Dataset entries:
----------------------------------------
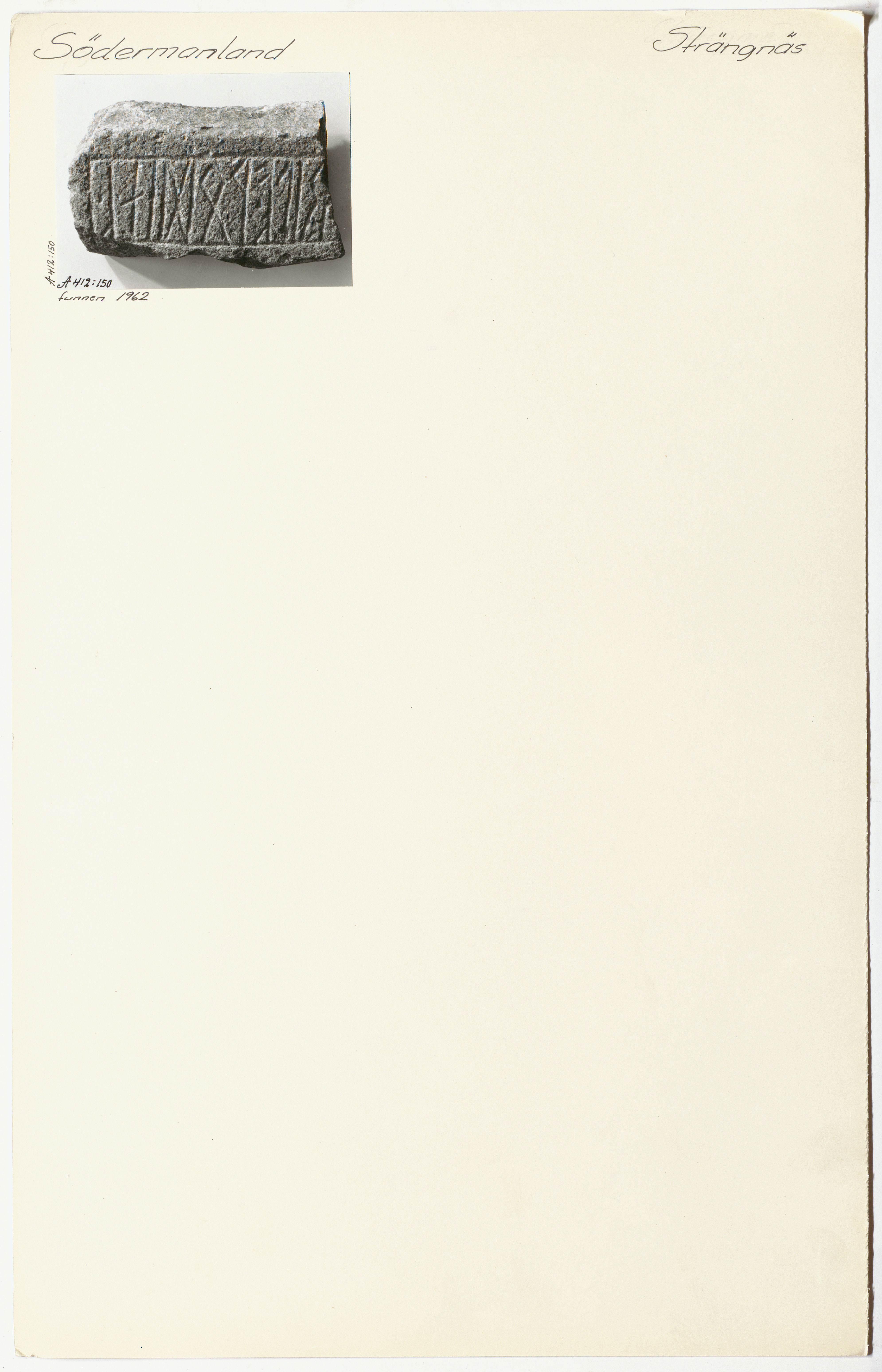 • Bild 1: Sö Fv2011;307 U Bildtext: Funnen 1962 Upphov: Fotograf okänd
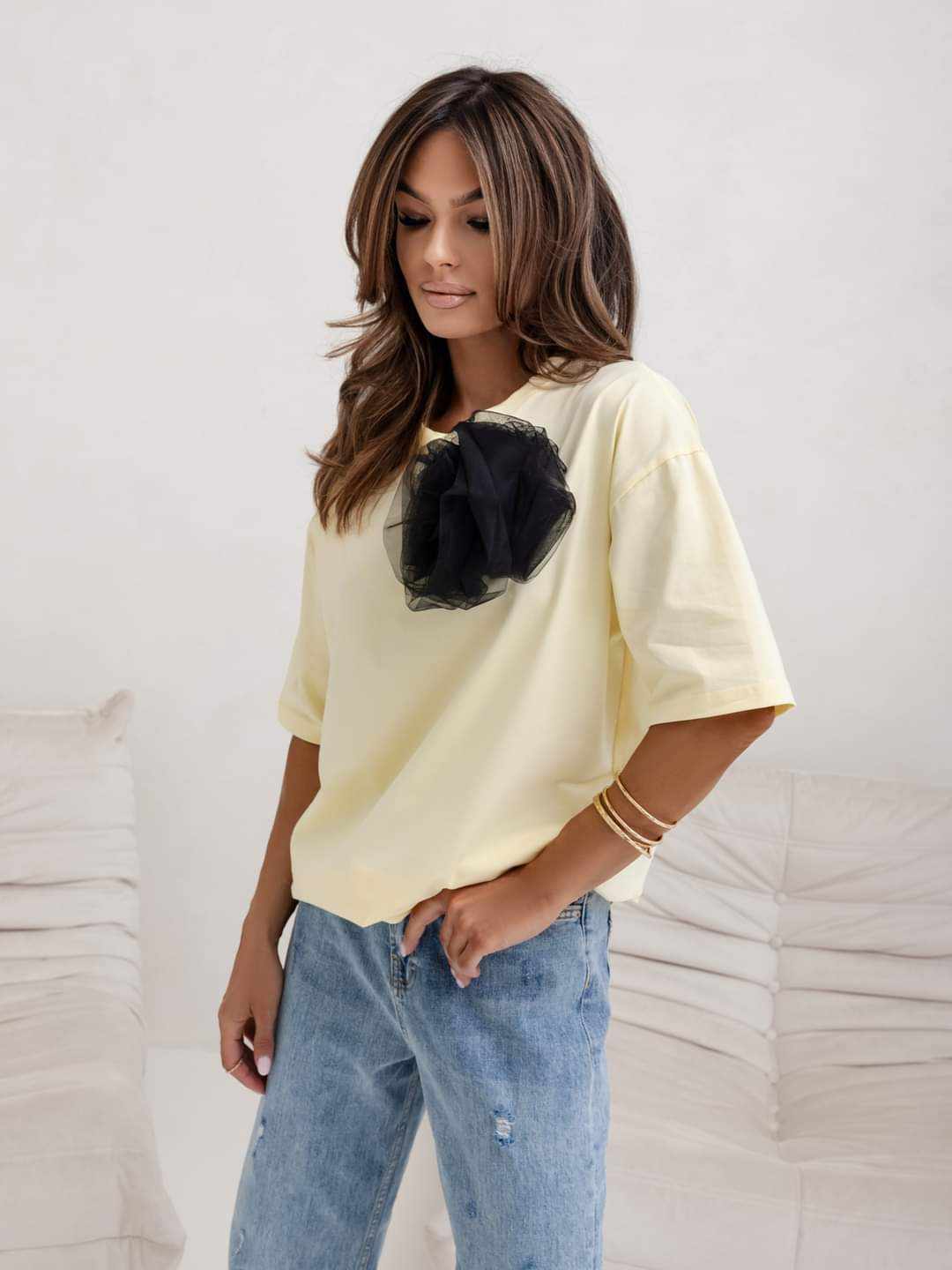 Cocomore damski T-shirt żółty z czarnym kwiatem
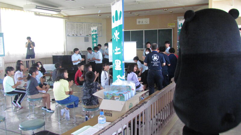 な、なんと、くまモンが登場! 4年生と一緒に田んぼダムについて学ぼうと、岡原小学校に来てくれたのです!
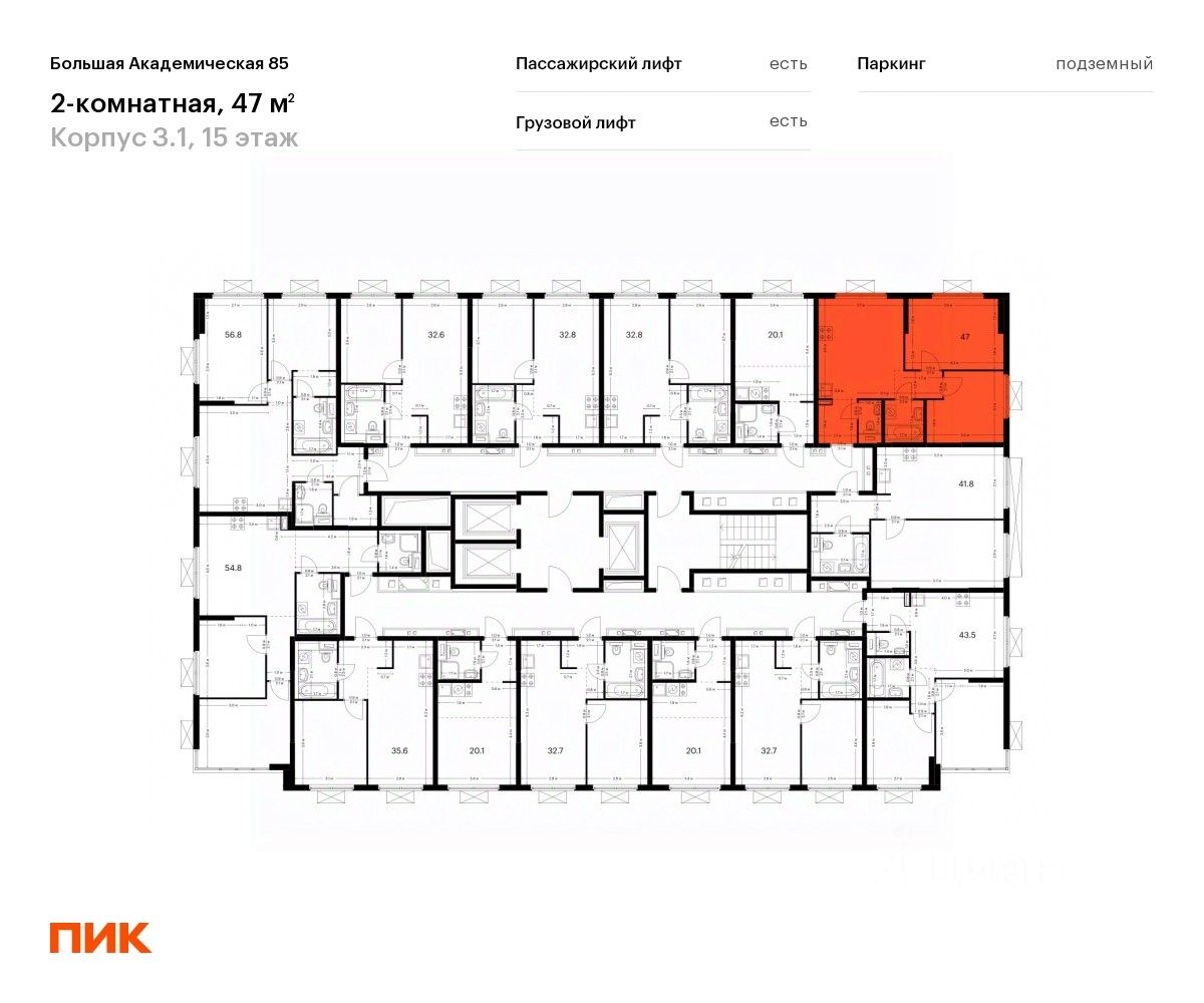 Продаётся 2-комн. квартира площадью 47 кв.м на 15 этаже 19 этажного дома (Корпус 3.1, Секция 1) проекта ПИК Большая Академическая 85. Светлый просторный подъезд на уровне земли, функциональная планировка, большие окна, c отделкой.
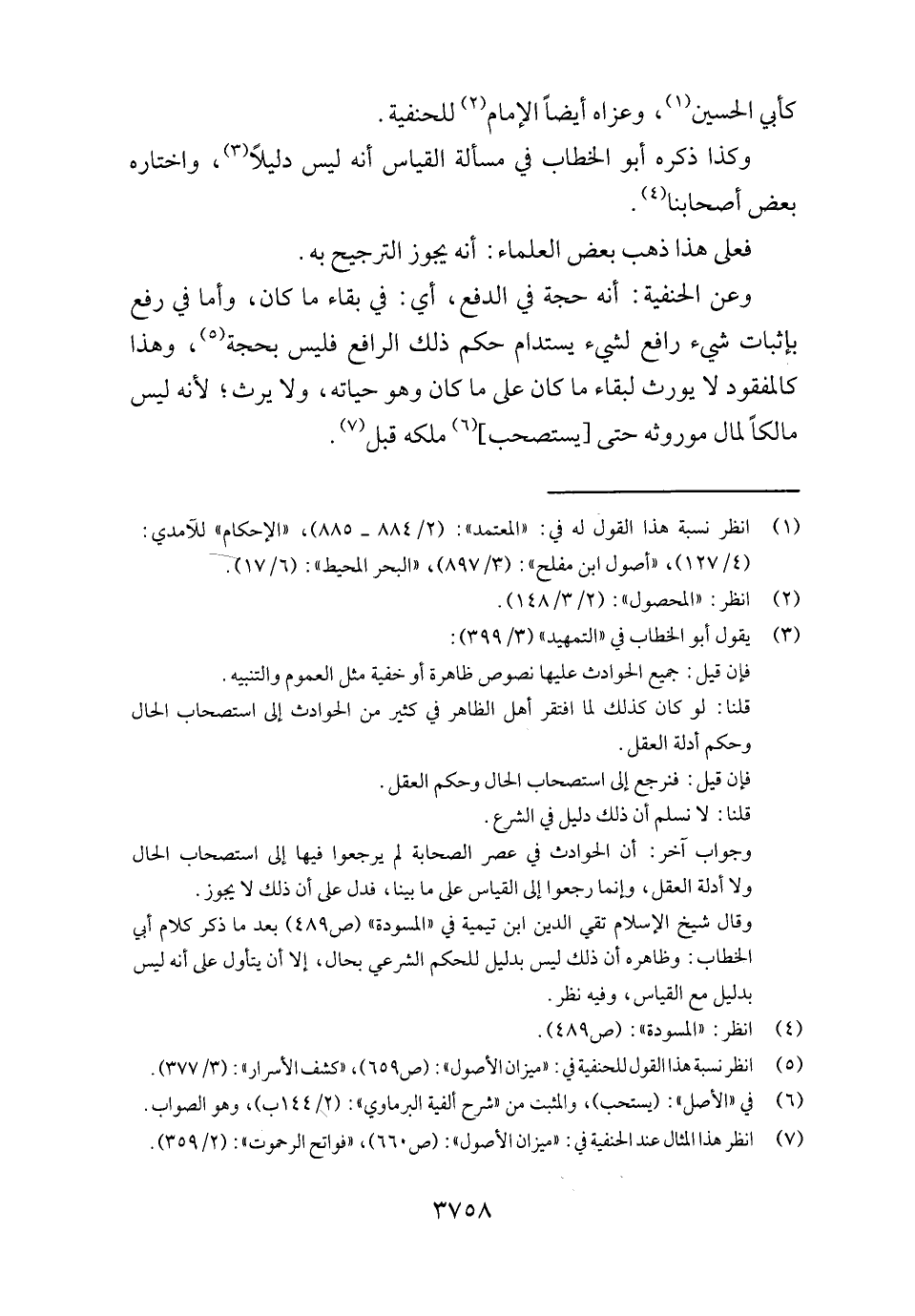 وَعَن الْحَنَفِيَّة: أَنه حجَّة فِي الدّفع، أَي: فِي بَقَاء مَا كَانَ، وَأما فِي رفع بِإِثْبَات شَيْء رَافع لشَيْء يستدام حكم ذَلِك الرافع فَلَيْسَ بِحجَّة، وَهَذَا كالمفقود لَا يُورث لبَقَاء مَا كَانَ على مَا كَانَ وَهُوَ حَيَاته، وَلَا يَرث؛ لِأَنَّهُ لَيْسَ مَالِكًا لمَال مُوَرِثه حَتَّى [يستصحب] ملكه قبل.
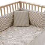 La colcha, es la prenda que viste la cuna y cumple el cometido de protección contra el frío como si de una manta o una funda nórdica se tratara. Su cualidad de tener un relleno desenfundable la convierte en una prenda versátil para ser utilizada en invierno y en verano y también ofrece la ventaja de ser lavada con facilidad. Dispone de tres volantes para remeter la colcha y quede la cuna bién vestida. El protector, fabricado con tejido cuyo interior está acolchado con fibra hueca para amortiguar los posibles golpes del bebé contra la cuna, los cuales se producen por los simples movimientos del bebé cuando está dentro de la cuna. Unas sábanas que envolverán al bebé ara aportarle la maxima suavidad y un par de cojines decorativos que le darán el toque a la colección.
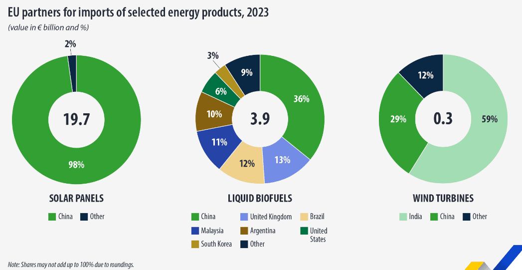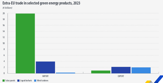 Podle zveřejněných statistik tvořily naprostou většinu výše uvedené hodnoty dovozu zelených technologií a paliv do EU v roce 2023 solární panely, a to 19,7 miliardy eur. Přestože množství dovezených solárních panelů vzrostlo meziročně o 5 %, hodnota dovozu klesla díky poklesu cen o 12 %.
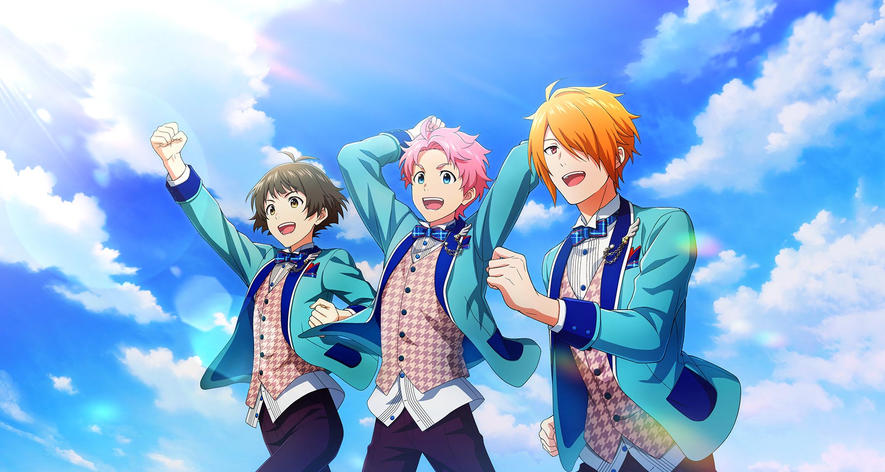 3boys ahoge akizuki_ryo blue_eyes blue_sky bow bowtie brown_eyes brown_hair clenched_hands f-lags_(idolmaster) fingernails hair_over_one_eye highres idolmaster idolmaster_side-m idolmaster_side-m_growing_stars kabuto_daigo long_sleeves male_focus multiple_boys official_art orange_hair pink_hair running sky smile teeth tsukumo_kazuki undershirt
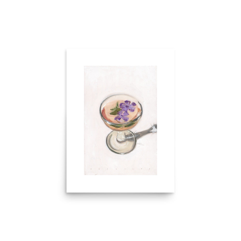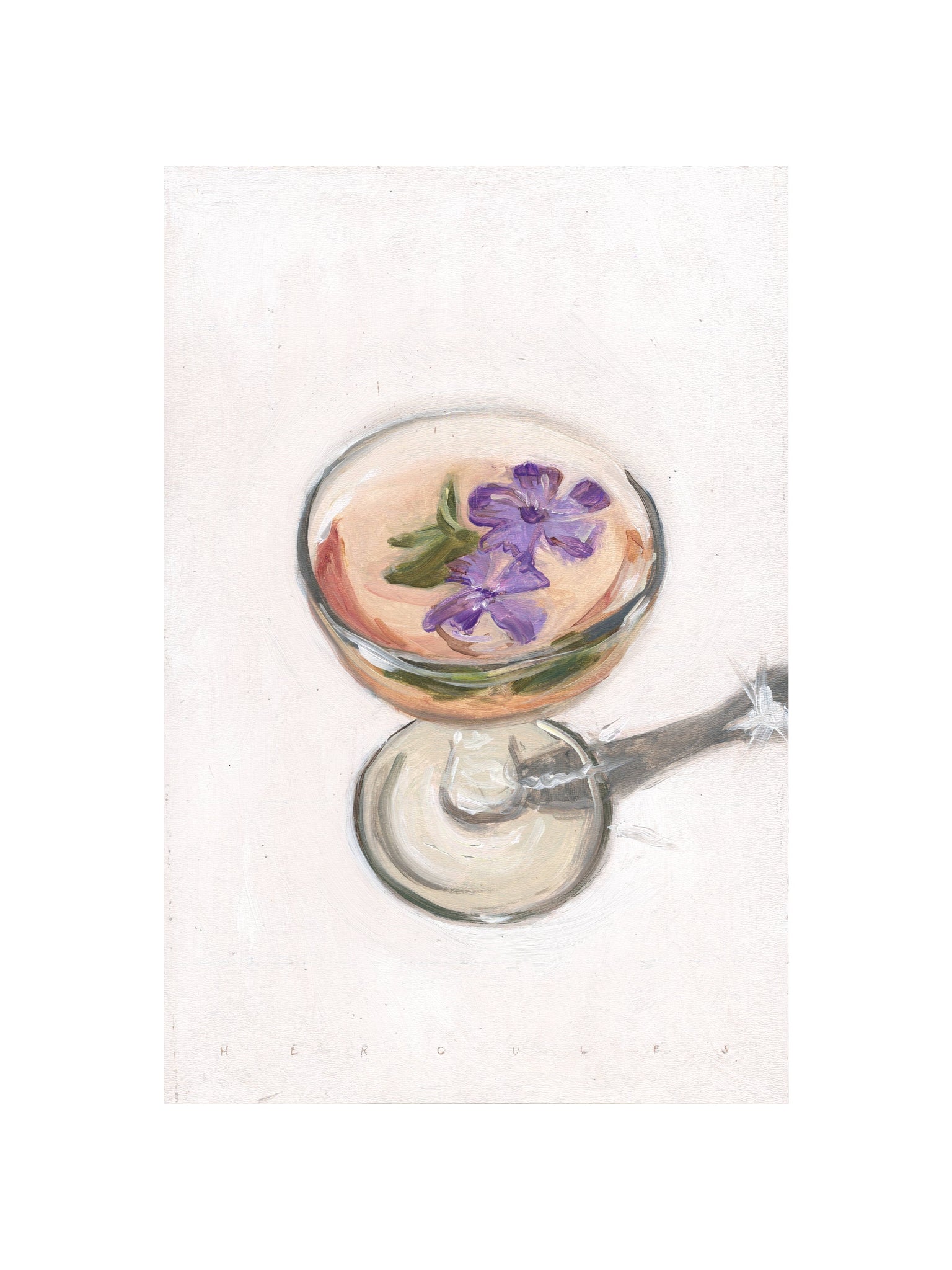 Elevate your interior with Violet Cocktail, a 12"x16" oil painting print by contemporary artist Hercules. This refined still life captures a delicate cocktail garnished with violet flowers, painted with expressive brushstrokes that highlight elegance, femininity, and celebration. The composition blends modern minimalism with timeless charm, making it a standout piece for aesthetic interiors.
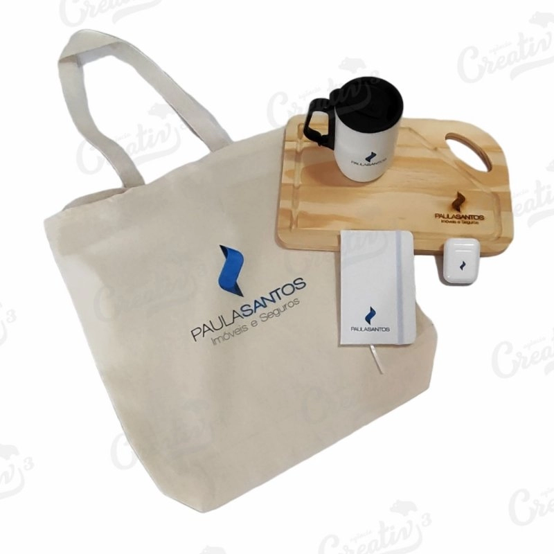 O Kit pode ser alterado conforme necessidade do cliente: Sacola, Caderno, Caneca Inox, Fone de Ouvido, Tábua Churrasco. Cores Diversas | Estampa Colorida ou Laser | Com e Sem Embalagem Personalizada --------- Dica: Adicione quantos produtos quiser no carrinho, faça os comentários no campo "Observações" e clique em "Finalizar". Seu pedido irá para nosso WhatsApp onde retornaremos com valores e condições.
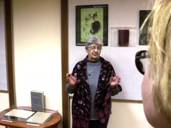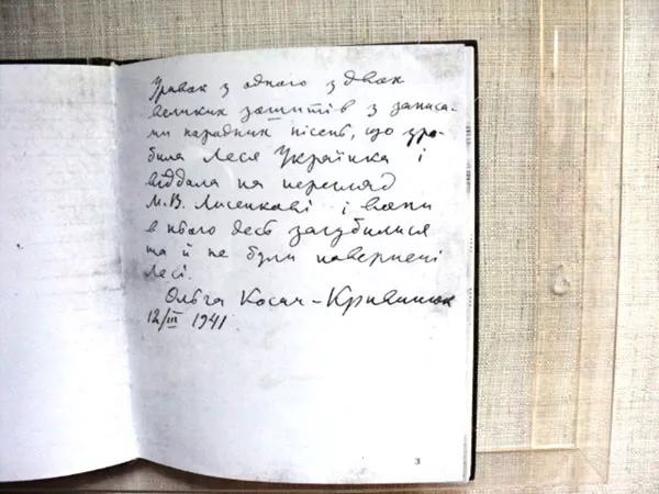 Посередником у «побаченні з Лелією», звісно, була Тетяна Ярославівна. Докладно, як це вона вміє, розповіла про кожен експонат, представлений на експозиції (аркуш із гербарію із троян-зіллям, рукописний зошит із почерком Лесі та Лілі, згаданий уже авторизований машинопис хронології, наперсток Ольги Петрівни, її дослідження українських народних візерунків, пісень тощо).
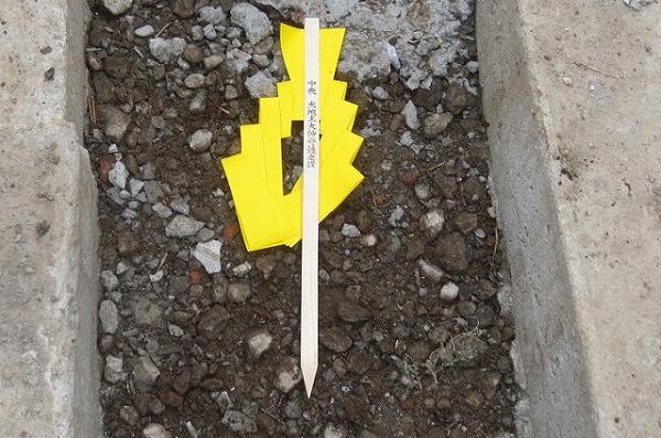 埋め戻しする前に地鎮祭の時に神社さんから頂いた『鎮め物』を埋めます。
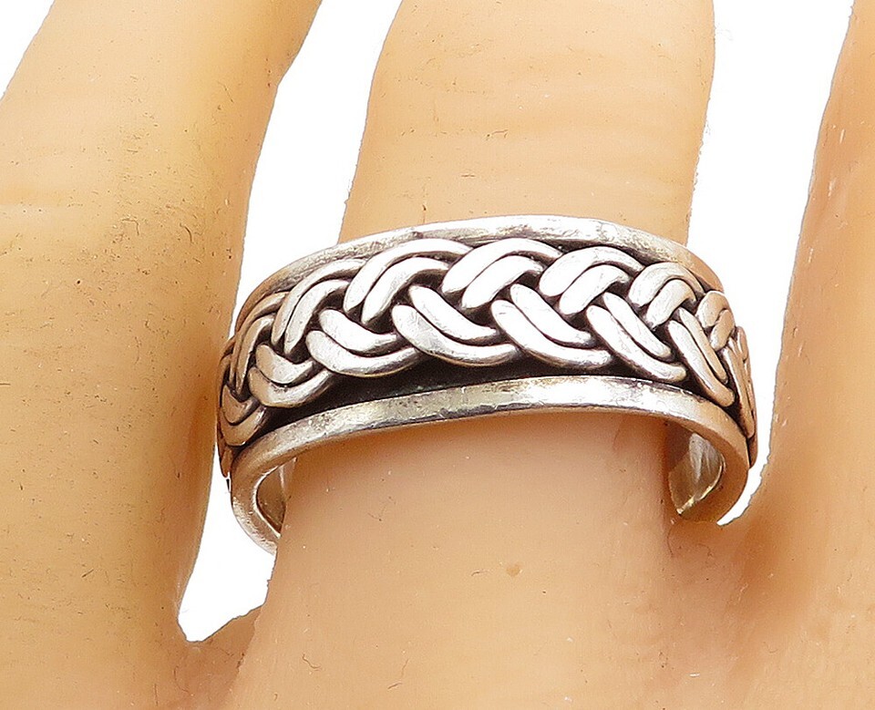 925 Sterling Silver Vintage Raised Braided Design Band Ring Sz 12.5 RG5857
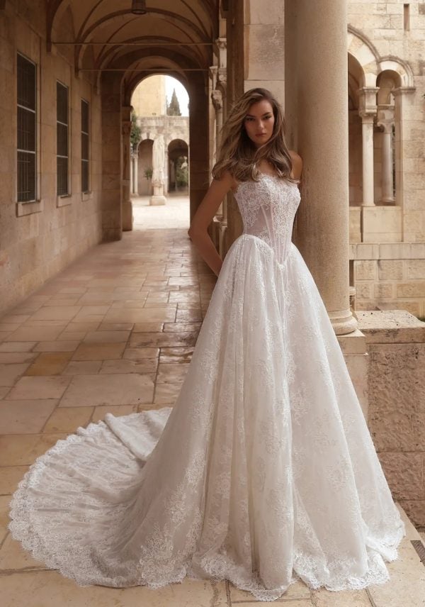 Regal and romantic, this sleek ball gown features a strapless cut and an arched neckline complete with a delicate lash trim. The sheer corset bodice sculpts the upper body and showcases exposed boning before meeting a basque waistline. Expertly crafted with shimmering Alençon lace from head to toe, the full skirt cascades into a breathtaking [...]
----------------------------------------
Assigned task
Using the data above, set down each line from the line with "La colcha, es" to the line with "3boys ahoge akizuki_ryo" exactly, both ends included, and leave the pictures behind. Nothing else belongs.

Response for this exercise
 La colcha, es la prenda que viste la cuna y cumple el cometido de protección contra el frío como si de una manta o una funda nórdica se tratara. Su cualidad de tener un relleno desenfundable la convierte en una prenda versátil para ser utilizada en invierno y en verano y también ofrece la ventaja de ser lavada con facilidad. Dispone de tres volantes para remeter la colcha y quede la cuna bién vestida. El protector, fabricado con tejido cuyo interior está acolchado con fibra hueca para amortiguar los posibles golpes del bebé contra la cuna, los cuales se producen por los simples movimientos del bebé cuando está dentro de la cuna. Unas sábanas que envolverán al bebé ara aportarle la maxima suavidad y un par de cojines decorativos que le darán el toque a la colección.
 Podle zveřejněných statistik tvořily naprostou většinu výše uvedené hodnoty dovozu zelených technologií a paliv do EU v roce 2023 solární panely, a to 19,7 miliardy eur. Přestože množství dovezených solárních panelů vzrostlo meziročně o 5 %, hodnota dovozu klesla díky poklesu cen o 12 %.
 3boys ahoge akizuki_ryo blue_eyes blue_sky bow bowtie brown_eyes brown_hair clenched_hands f-lags_(idolmaster) fingernails hair_over_one_eye highres idolmaster idolmaster_side-m idolmaster_side-m_growing_stars kabuto_daigo long_sleeves male_focus multiple_boys official_art orange_hair pink_hair running sky smile teeth tsukumo_kazuki undershirt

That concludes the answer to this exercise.